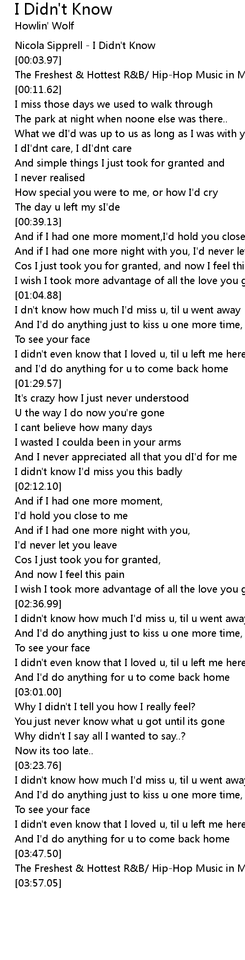 I didn't know how much I'd miss u, til u went away |
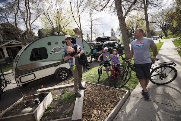 Jeff and Shelley Cyre, with their kids Wyatt, Riley and Evan, pack for their upcoming cross-Canada trip in Calgary on May 10, 2017.Todd Korol
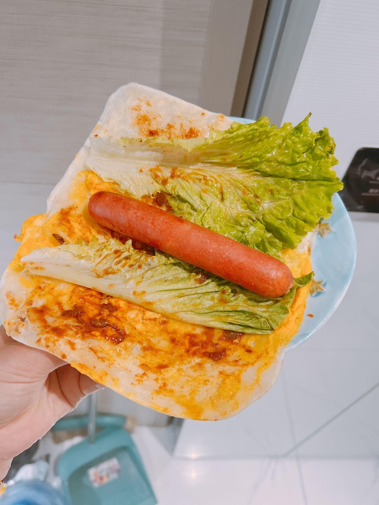 做出来的饼外酥里嫩,黄澄澄的颜色一看就很有食欲,嚼起来有弹性,里面生菜和火腿肠相辅相成,吃起来一点也不觉得油腻~
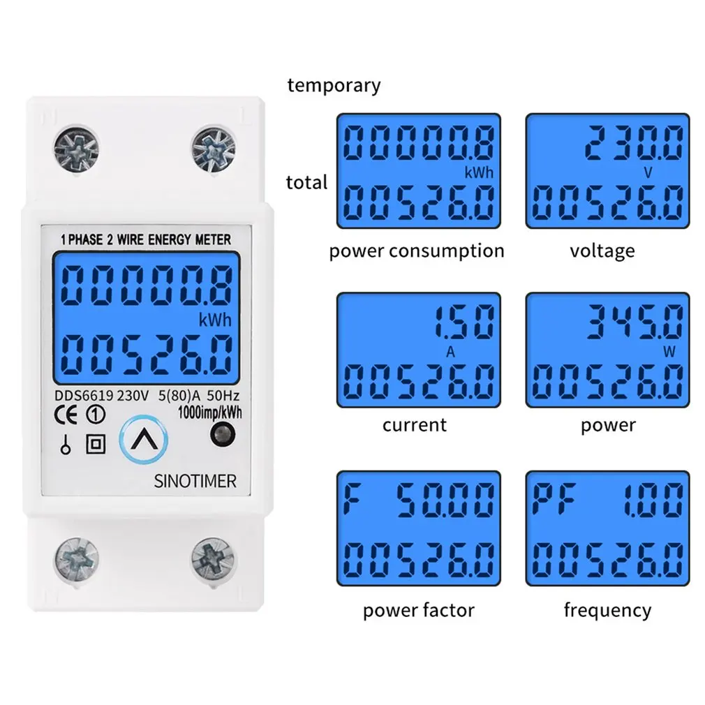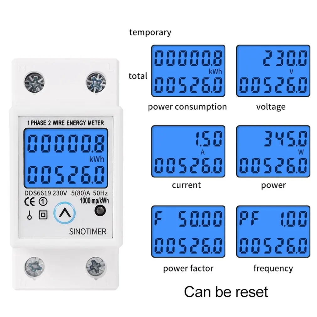 Счетчик представляет собой многофункциональный дисплей общей энергии кВт-ч, кВт-ч временной энергии, настоящего напряжения, настоящего тока, реальной мощности при ручном давлении.Удерживайте кнопку в течение 6 секунд, чтобы сбросить временную кВтч.

=== Exercise brief ===
The answer is the whole listing above, written out verbatim, without its pictures.

=== Solution to the problem ===
 I didn't know how much I'd miss u, til u went away |
 Jeff and Shelley Cyre, with their kids Wyatt, Riley and Evan, pack for their upcoming cross-Canada trip in Calgary on May 10, 2017.Todd Korol
 做出来的饼外酥里嫩,黄澄澄的颜色一看就很有食欲,嚼起来有弹性,里面生菜和火腿肠相辅相成,吃起来一点也不觉得油腻~
 Счетчик представляет собой многофункциональный дисплей общей энергии кВт-ч, кВт-ч временной энергии, настоящего напряжения, настоящего тока, реальной мощности при ручном давлении.Удерживайте кнопку в течение 6 секунд, чтобы сбросить временную кВтч.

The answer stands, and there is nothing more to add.